И ласкового слова не дождешься… Тоска заезжает порой…

…Я слушаю грустную исповедь пожилого человека – и думаю, что наверное только великому Пушкину удалось так тонко и так точно обнажить истинную суть подобной драмы. Вспомните повесть «Станционный смотритель»: вроде бы не живут в нищете, вроде бы не стоят на краю беды пожилой отец и его благополучно устроившаяся красавица дочь которую похитил и увез в столицу великосветский господин… Отец страдает, тоскует по дочке… И едет в Питер – глянуть что там с ней?

Оказывается, все о,кей, все в полном порядке! Но разгневанный питерский щеголь буквально пинком вышибает незваного гостя – станционного смотрителя и – отца вон… И скатывается в пропасть алкоголизма старый отец – не в силах побороть тоску по уже как бы счастливой дочери…

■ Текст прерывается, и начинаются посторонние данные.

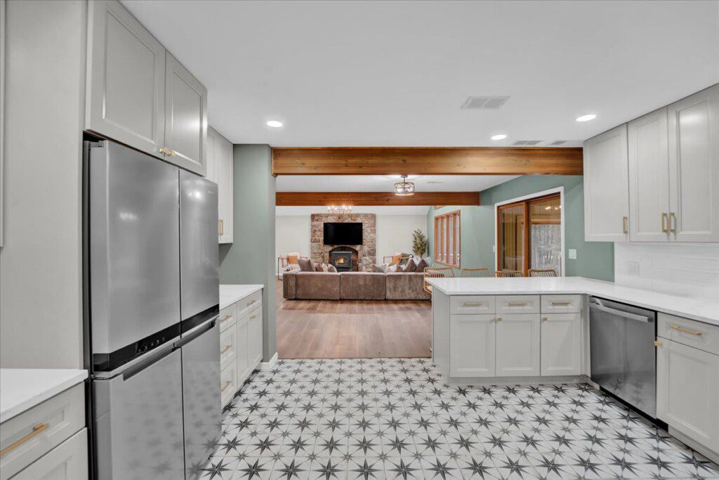 Sleek, modern kitchen with high ceilings and exposed wood beams
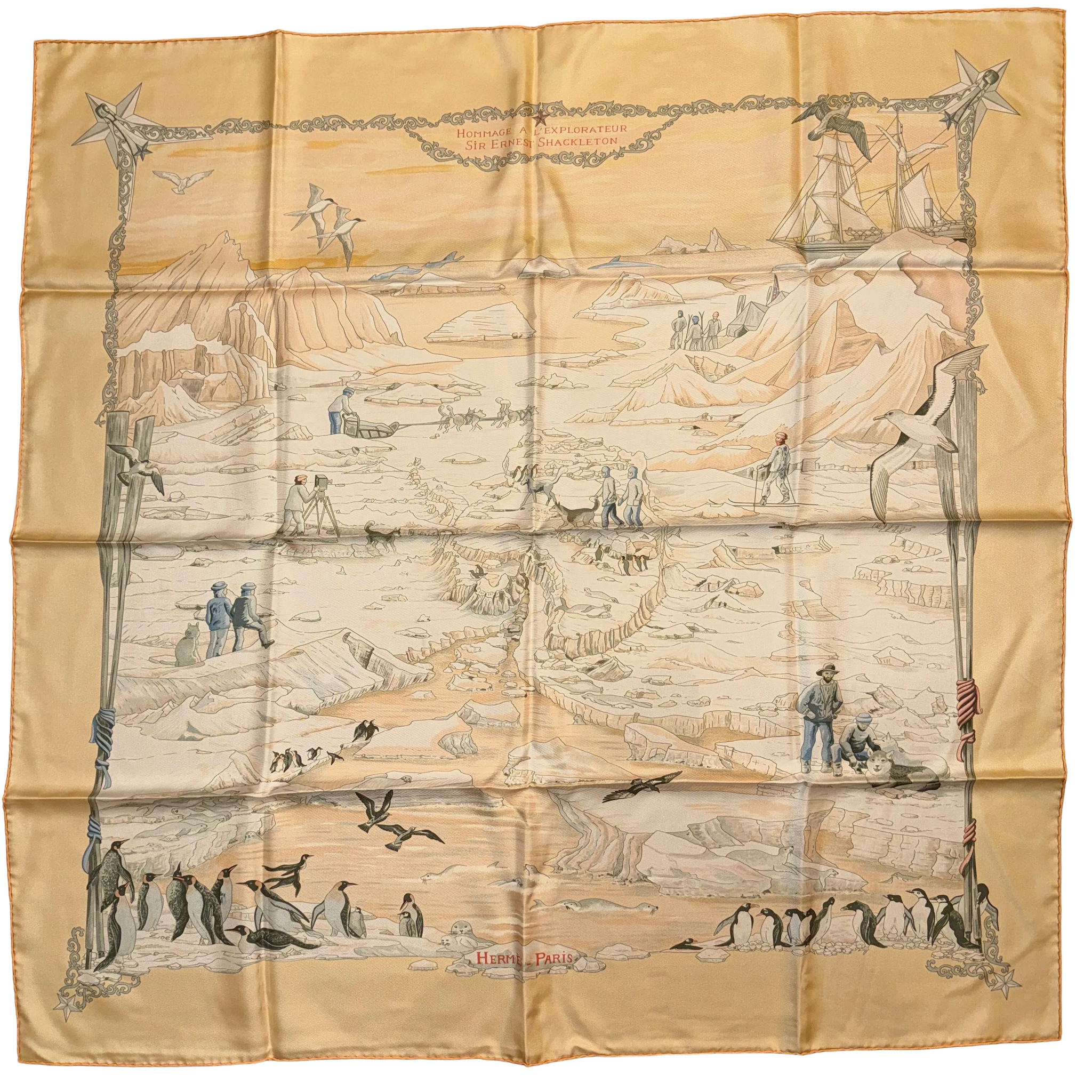 First issued in 2005. This scarf is a Special Issue Hermès carré published as a tribute to the British Antarctic explorer, Sir Ernest Henry Shackleton, a man whose life and legacy continue to inspire.

Вернемся на хутор Вязки. Говоря об условиях деревенской жизни, о сельской культуре, наши граждане сетуют на скудость «культурного пайка», отпущенного деревенскому жителю; горюют по поводу неухоженных сельских клубов потрясены грязью деревенских улиц…

Вот чем озабочено наше сообщество. А одинокие старики на этих улицах? Разве это не смертный приговор любой «культуре» – и с клубами, и без них? И если одинокие люди стали лишь убогой деталью сельского пейзажа – нам ли тараторить о возрождении нашей нравственности, нашей духовности?

Пространства неуважаемой старости… Можно ли назвать здоровым общество, живущее так? Можно ли надеяться на свет в конце туннеля?

Конечно, не только сегодня старость на Руси не слишком-то уважалась и почиталась… Конечно, и в старые времена такое бывало – и совсем не редко.

Мемуары и русская литература сохранили потрясающие примеры бездушного отношения к «предкам»… Но тысячи российских – деревень, в которых сейчас доживают одинокие, брошенные на произвол судьбы старые люди, – это ли не укор и государству – и нам, грешным?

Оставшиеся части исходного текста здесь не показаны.